California's deadliest current wildfire gets larger
California's deadliest current wildfire is getting larger, officials warn, despite thousands of firefighters battling it, in what is described as the worst start to the fire season in 10 years, according to a July 30 BBC News report.
"Erratic winds" and dry conditions have caused the Carr fire to grow early on Sunday, July 29, firefighters said.
It is one of eight major wildfires currently burning in the state.
The fire, in the Shasta County in northern California, has killed six people so far, including two children and their great-grandmother. Two firefighters also lost their lives on Thursday. A third firefighter died battling the Ferguson fire, near Yosemite, on Sunday.

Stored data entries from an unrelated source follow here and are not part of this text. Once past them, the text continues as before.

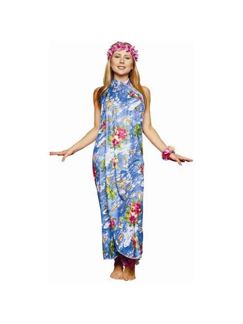 Our adult 3 way Hawaiian sarong costume includes a one piece sarong with 3 ways to wear and lei headpiece.
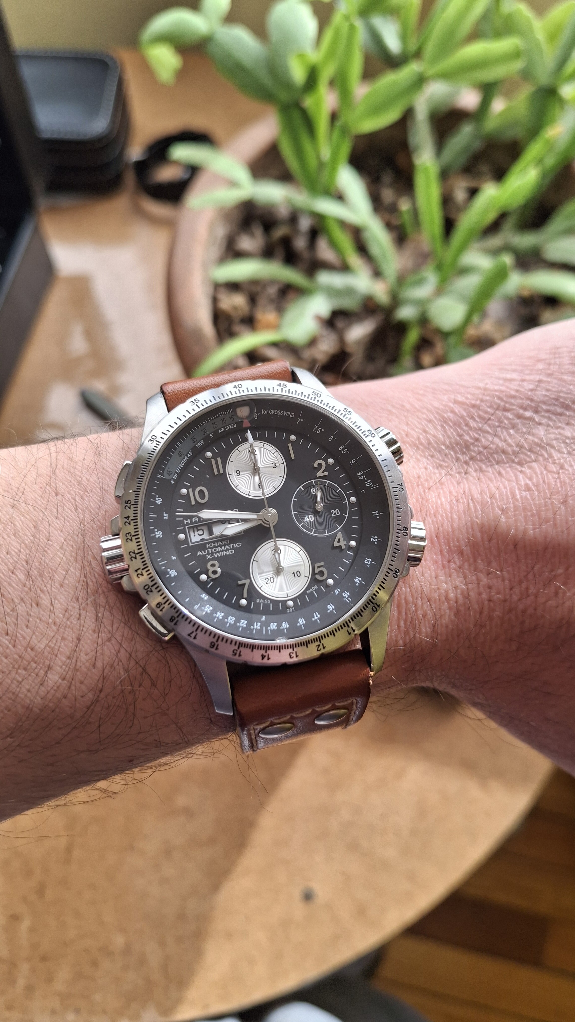 Me encantaba porque el diseño de los Khaki es de los que más me gusta, y si lo juntas con la original complicación de cálculo y lo contundente de sus 44mm y sus coronas (aunque en muñeca es sorprendente lo bien que queda), era lo que necesitaba… por esta época me habían hecho fijo en mi trabajo y me autoconvencí para regalarme un reloj más caro.
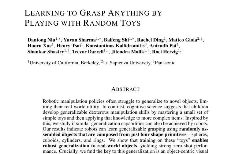 加州大学伯克利分校的一个研究团队,包括Dantong Niu、Yuvan Sharma、Baifeng Shi、Rachel Ding、Matteo Gioia、Haoru Xue、Henry Tsai、Konstantinos Kallidromitis、Anirudh Pai、Shankar Shastry、Trevor Darrell、Jitendra Malik和Roei Herzig等研究者,决定用这个简单的观察来解决机器人领域一个长期存在的难题。他们的研究成果发表在2025年10月,论文编号为arXiv:2510.12866v1。这项研究提出了一个名为LEGO的框架,其核心思想是:机器人也可以通过在简单玩具上的训练,学会抓取真实世界中的各种物体。
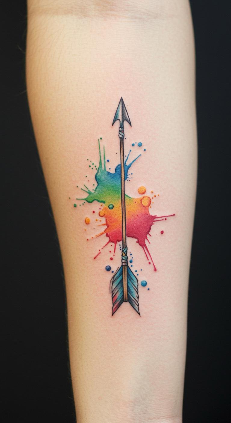 Vibrant Watercolor Sagittarius Arrow Tattoo
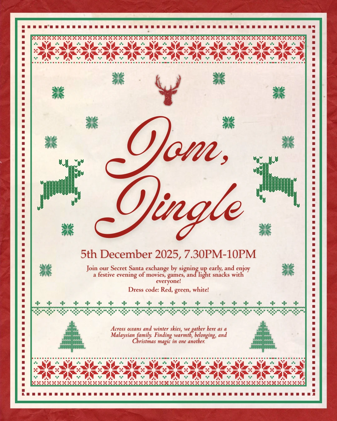 Before some of us head back to Malaysia for the holidays, let’s gather for a cozy night of Christmas cheer! Secret Santa fun (remember to sign up!), festive games, a holiday movie, and light snacks to keep us warm through the winter evening. ❄️☃️
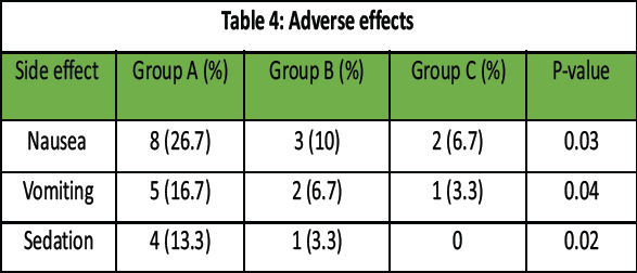 In our study, no statistically significant differences with respect to age, sex, and other sociodemographic profiles were observed. Opioid consumption (morphine equivalent dose) within 48 h was highest in Group A (29.5 ± 5.8 mg), followed by Group B (18.1 ± 4.3 mg), and lowest in Group C (12.3 ± 3.0 mg; P < 0.001) (Table 3). Adverse effects were more frequent in Group A, with nausea in 8 patients (26.7%), vomiting in 5 (16.7%), and sedation in 4 (13.3%), compared to Group C, which had nausea in 2 (6.7%), vomiting in 1 (3.3%), and no sedation (P < 0.05 for all) (Table 4).
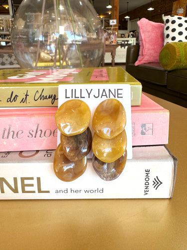 Acrylic Oval Overlap Dangle Earrings - Brown
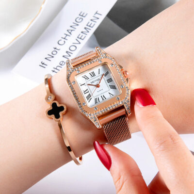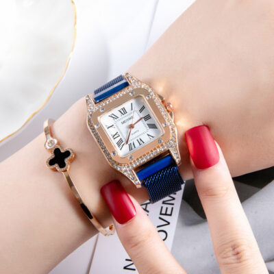 Xuyên Biên Giới Nổ Vuông Nam Châm Đồng Hồ Nữ Trực Tiếp Bán Kim Cương Xu Hướng Retro Nhỏ Hình Vuông Đồng Hồ Nữ Bán Buôn
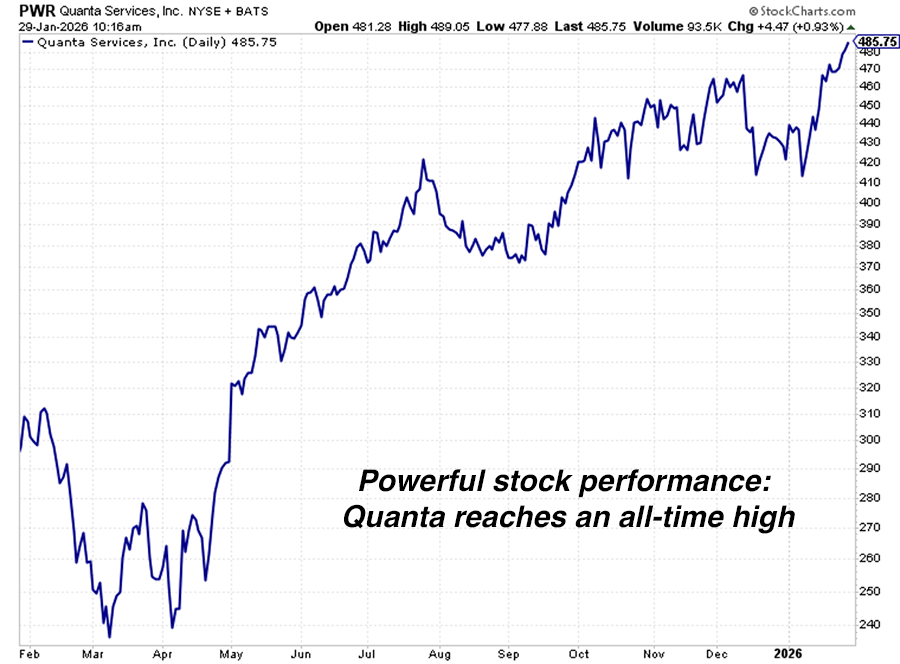 Over the past year, Quanta is up 64%… far outpacing the S&P 500. This week, the stock reached an all-time high. The Power Grid Upgrade bull market is alive and well.

The Carr fire, which doubled in size overnight on Friday, July 27 was only 5 percent contained by Sunday morning. It has already burnt more than 48,000 acres (194 sq km) of land and destroyed at least 500 structures, according to the BBC.
US President Donald Trump has approved federal aid for the counties.
The Carr fire is the largest of eight big fires burning in California, and 90 across the country, according to the National Interagency Fire Center.
There are currently 12,000 firefighters battling the flames across the state, according to the BBC.
Wildfires are a common occurrence in California during the state's long, hot, dry summers.
However, experts say this has been the worst start to the fire season in 10 years - partly due to the 2012-2017 drought that killed off large amounts of vegetation.